**Entries supplied**.

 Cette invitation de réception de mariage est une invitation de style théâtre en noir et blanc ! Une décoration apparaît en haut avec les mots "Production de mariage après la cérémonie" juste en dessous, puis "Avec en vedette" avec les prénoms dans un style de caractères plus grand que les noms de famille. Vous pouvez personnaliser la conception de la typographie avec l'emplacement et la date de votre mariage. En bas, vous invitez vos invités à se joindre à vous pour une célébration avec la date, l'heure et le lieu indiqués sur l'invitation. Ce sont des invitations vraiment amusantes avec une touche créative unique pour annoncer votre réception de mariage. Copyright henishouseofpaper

* * *

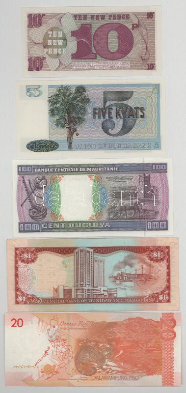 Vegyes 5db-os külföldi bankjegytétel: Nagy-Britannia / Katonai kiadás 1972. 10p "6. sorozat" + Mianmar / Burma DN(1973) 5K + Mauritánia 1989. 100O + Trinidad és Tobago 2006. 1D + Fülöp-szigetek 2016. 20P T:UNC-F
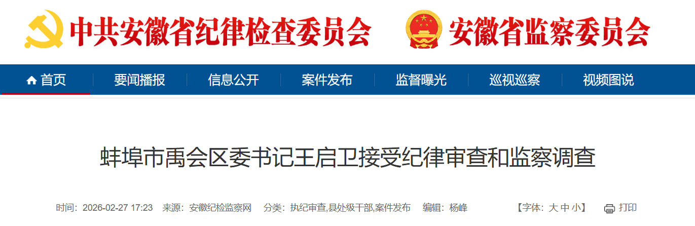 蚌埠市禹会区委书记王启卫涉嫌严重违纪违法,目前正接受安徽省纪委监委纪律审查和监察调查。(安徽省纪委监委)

---

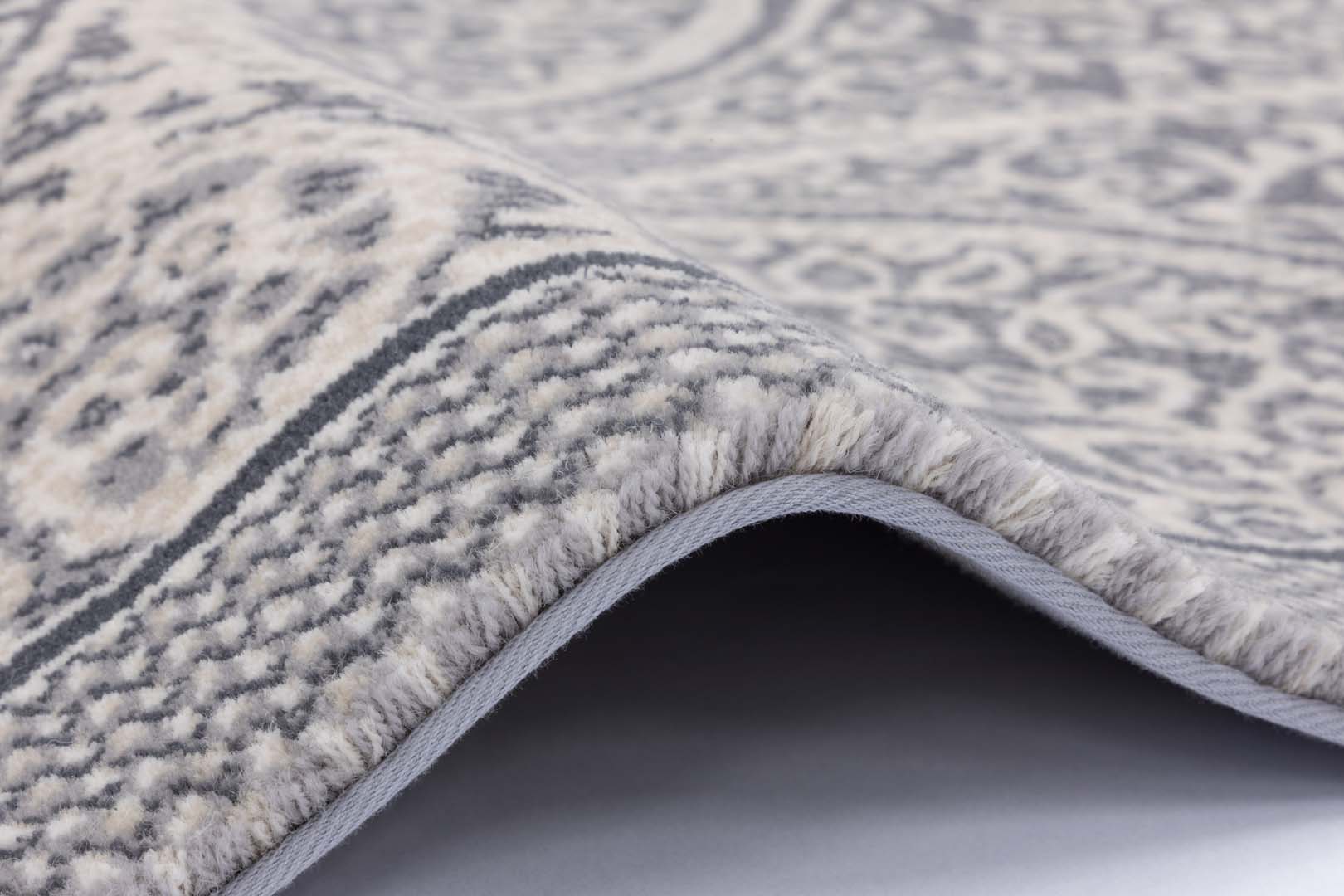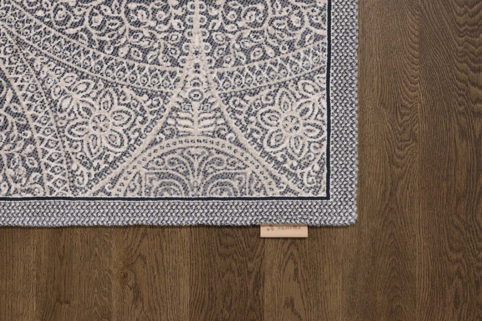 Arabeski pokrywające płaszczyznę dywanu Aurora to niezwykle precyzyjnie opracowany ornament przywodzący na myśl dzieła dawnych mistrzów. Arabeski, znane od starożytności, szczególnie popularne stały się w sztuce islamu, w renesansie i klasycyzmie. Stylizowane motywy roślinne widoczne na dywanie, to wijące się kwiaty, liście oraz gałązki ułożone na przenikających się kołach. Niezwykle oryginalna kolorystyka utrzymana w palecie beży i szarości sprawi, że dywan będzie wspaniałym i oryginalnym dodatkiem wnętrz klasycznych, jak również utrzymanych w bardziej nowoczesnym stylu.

**Exercise objective**. Give again the stretch of lines above from the one with "Vegyes 5db-os külföldi" through the one with "蚌埠市禹会区委书记王启卫涉嫌", both ends kept, and copy no pictures.

**Answer to this task**.
 Vegyes 5db-os külföldi bankjegytétel: Nagy-Britannia / Katonai kiadás 1972. 10p "6. sorozat" + Mianmar / Burma DN(1973) 5K + Mauritánia 1989. 100O + Trinidad és Tobago 2006. 1D + Fülöp-szigetek 2016. 20P T:UNC-F
 蚌埠市禹会区委书记王启卫涉嫌严重违纪违法,目前正接受安徽省纪委监委纪律审查和监察调查。(安徽省纪委监委)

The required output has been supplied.